Academic Challenge In Religion Assists Evangelization

By ARTHUR HIPPLER

“Why do the religion classes have to be so hard?” This is a question I used to hear from parents at my school. “Don’t they just need to know ‘God loves you’ and ‘be kind to others’?” These same parents expect math and science, history and literature, to be challenging, to prepare their children for college. But for them, religion is a subject that, in the words of Robert Fulghum: All you really needed to know you learned in kindergarten.

The Church discourages the trend of schools toward making religion “easy.” In the General Directory on Catechesis (1997), the Congregation for Clergy insisted that “religious instruction in schools appear as a scholastic discipline with the same systematic demands and the same rigor as other disciplines. It must present the Christian message and the Christian event with the same seriousness and the same depth with which other disciplines present their knowledge” (n.73.5). The mind must be formed in theology, just as it needs to be formed in language and mathematics and the scientific method.

Even basic catechesis does rest with the mere acknowledgment of a loving God and basic kindness to others; it involves mysteries of Divine Persons, a God who takes on human nature, and sacraments that somehow make God present to us. There is nothing simple in any of that. Indeed, to strip down the faith to belief in God and kindness fails to inculcate essentials of the faith. (Perhaps it is no accident that Robert Fulghum is a Unitarian minister.)

The General Directory on Catechesis tells us further that religious instruction “should not be an accessory alongside of these disciplines, but rather it should engage in a necessary interdisciplinary dialogue.”

Religion classes should not treat its subject matter as hermetically sealed from the rest of the curriculum. How can religion address creation without responding to the materialism of those who look to science alone to explain the universe? Or address the inspiration of Scripture without responding to the rationalist accounts of history that deny miracles and prophecy? Or address the natural moral law without responding to the “cultural relativism” of contemporary social science?
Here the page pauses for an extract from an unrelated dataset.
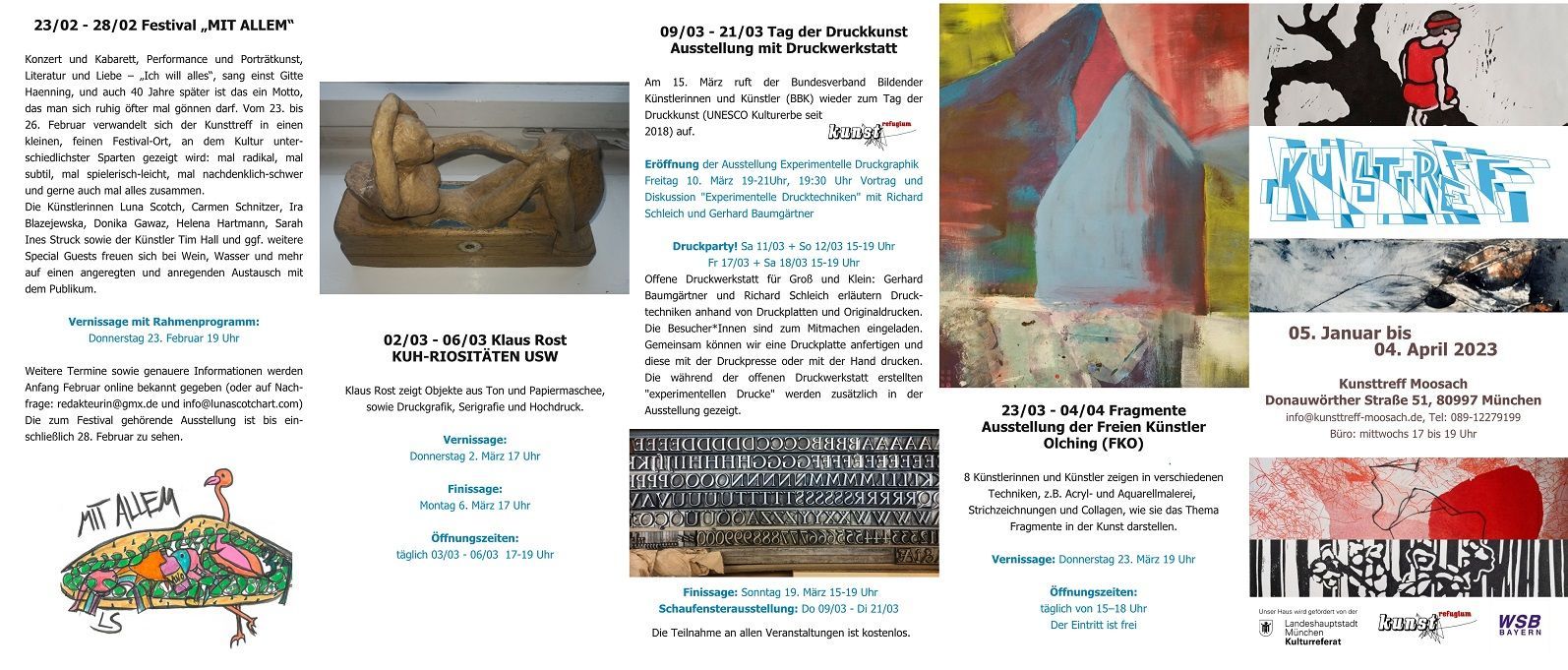 Anfang November 2023 wurde der Kunsttreff spontan zum Veranstaltungsort einer Aufführung der Schlauschule, eine Initiative, die sich für junge Geflüchtete engagiert. An diesem Abend zeigte die in der Ukraine sehr populäre Schauspielerin Vitalina Bibliv ein Ein-Personen-Theaterstück. Im Anschluss gab es noch eine Gesprächsrunde und eine Versteigerung. Alle Spenden und Einnahmen an diesem Abend gingen natürlich an die Ukraine.

A religion class that accepts these responsibilities cannot be “easy.”

Almost a decade earlier in The Religious Dimension of Education in a Catholic School (1988), the Congregation for Catholic Education declared that the Catholic high school should give “special attention to the ‘challenges’ that human culture poses for faith,” which then forms them in a way that they are able “to recognize and reject cultural counter-values which threaten human dignity and are therefore contrary to the Gospel” (n. 52).

This should be true of all the academic subjects, but it should be especially true of religious instruction. A religion course that does not energetically address the challenges of the secular world and its “counter-values” is not doing its job.

The religion teacher may have a course developed from sound catechetical materials that addresses the essentials of the faith. But “young people bring with them into the classroom what they see and hear in the world around them, along with the impressions gained from the ‘world’ of mass media,” a formation that can make them “indifferent and insensitive” (n. 71).

As a result, it is crucial that the class not merely involve lecture and memorization, but a candid dialogue between the teacher and the students: “An excellent way to establish rapport with students is simply to talk to them — and to let them talk. Once a warm and trusting atmosphere has been established, various questions will come up naturally.”

These questions are often not disagreements with this or that teaching, but rather a misunderstanding or even a denial of the principle upon which the teaching is based. “Typical questions have to do with atheism, non-Christian religions, divisions among Christians, events in the life of the Church; the violence and injustice of supposedly Christian nations, etc.”(footnote 65). Objections often come from the grounds of modern social science, that man is merely natural, religion is invented, morality is relative, and so on.

Many religion teachers fear this kind of dialogue, because it may involve questions they do not feel qualified to address. The religion teacher may seek to give a basic catechesis when student questions draw them into the realm of moral philosophy, theodicy, Church history, and the secular sciences.

When I explain to parents why my religion courses are challenging, the easiest response is that “student questioning makes it a hard course. They won’t put up with anything else!”

In her direction of Catholic schools, the Church is helping us to understand that without this dialogue between faith and culture, between the teachings of the Church and the intellectual life of our students, an essential element of evangelization is missing. If the faith remains compartmentalized as a set of thoughts and emotions removed from activity in the “real world,” this is not an authentic faith.

The Congregation for Catholic Education cites the words of John Paul II: “Faith which does not become culture is faith which is not received fully, not assimilated entirely, not lived faithfully.”

The Catholic school in general and the religion courses in particular must help its students form their culture through the faith. Without this, our students will be merely intellectual schizophrenics, split personalities who are Catholic on one side, purely worldly on the other.